Но не было той власти, которая рождает чувство вины и ответственности, нет, не было. Как будто в самый последний миг она выскальзывала из его рук. И он обнимал воздух, а она уходила, высоко подняв голову и ни разу не обернувшись, нет, ни разу не обернувшись, ни разу!..
Но еще не поздно остановиться, не поздно!
— Пошел, — тихо, твердо, не разжимая зубов, сказал Лепендин.

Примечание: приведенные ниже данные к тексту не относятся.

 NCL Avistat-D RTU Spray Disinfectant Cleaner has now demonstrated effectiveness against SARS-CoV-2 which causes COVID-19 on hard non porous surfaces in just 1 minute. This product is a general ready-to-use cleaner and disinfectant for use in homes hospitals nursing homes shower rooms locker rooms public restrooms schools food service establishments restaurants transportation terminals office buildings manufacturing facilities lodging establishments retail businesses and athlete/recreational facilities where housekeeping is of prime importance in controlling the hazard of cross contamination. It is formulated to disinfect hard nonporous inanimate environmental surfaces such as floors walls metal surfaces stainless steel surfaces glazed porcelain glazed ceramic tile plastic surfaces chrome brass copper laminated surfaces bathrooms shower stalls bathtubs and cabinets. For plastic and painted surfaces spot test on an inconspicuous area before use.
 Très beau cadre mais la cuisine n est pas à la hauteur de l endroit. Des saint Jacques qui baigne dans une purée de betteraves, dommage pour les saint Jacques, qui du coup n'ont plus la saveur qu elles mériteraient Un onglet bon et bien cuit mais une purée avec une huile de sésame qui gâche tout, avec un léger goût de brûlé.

Жеребец, почуяв вожжи, всхрапнул и пошел тяжелым галопом. Тележку заподкидывало, затрясло в мерзлой колее.
Когда переезжали Урань, жеребец, разбив копытом ледок возле берега и подгибая ногу, потянулся к воде.
— Овёса ела, — улыбаясь, сказал по-русски конюх.

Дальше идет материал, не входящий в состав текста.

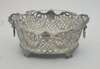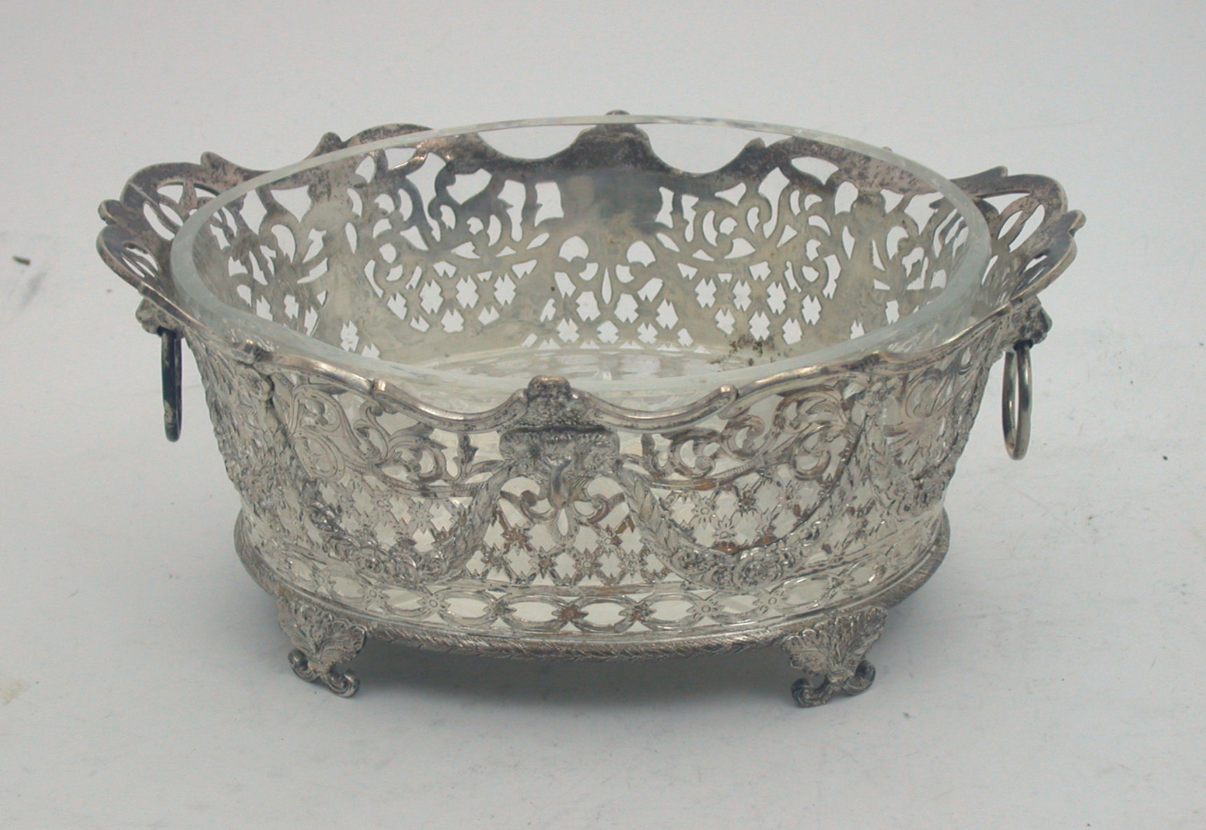 with marks for London 1895, maker GL, with shaped everted rim and pierced sides cast with floral swags and ram's masks, flanked by ring handles, on four scroll feet, with clear glass liner, width 22cm, together with a circular sugar bowl, London 1906, maker Goldsmiths & Silversmiths Co. Ltd, with foliate cast decoration, diameter 10.5cm (2)

И поскольку председатель молчал, то он повторил громче:
— Много овёса ела.
Утром в правление пришел Аверяскин. Сладко улыбаясь, обошел всех, кто был, здороваясь со всеми за руку. Сатину долго тряс руку, чуть ли не кланяясь перед ним, заглядывая в глаза льстиво и преданно.
— От души поздравляю! — все так же вкрадчиво улыбаясь, сказал он, и его красное лицо стало еще краснее.
— С чем поздравляешь? — как ни в чем не бывало спросил Сатин.
— С новой должностью! Очень и очень рад за тебя, Иван Иванович, как другу говорю и товарищу…
— Ну, ну, спасибо.
Сатин сидел за председательским столом. Признаться, на новом посту он чувствовал себя не очень уверенно. Не было еще привычки командовать людьми, ведь всякую работу он привык и умел делать сам: хоть у барабана стоять, хоть зароды вершить. А тут надо было людей на эти дела ставить. Вот он и терялся первое время.
Аверяскин сел рядом с Сатиным.
— Вот, Иван Иванович, пришел я, — сказал он.
— Хорошо, что пришел. А то давно тебя здесь не видели, — ответил Сатин.
— Да как же я мог прийти! Ты думаешь, я не слышал, что тут говорил про меня Лепендин? Все слышал, не глухой. Я и клеветник, я и доносчик… Все мне известно!.. А у кого после таких слов хватит совести и смелости прийти к нему и рука об руку работать с ним? У кого? А за что? Что я ему сделал плохого?
— Да нет, он даже про тебя и не вспоминал, — спокойно сказал Сатин.
Аверяскин обежал глазами присутствующих, но не встретил ни одного участливого взгляда.
— Ну, так что скажешь? — спросил Сатин.
— Вот, пришел работу просить… Я работы не боюсь…
— А какую бы ты хотел работу?
— Какую дадите, такую и буду делать, — покорно сказал Аверяскин и склонил голову.
— Вот это разговор! — Сатин записал что-то на бумаге, а потом спросил сидевшую за другим столом Иваниху:
— У тебя, Федосья Макаровна, не хватает людей на вывозке навоза. Возьмешь товарища Аверяскина?
Помолчала Иваниха.
— Ладно, возьму, — нехотя согласилась она.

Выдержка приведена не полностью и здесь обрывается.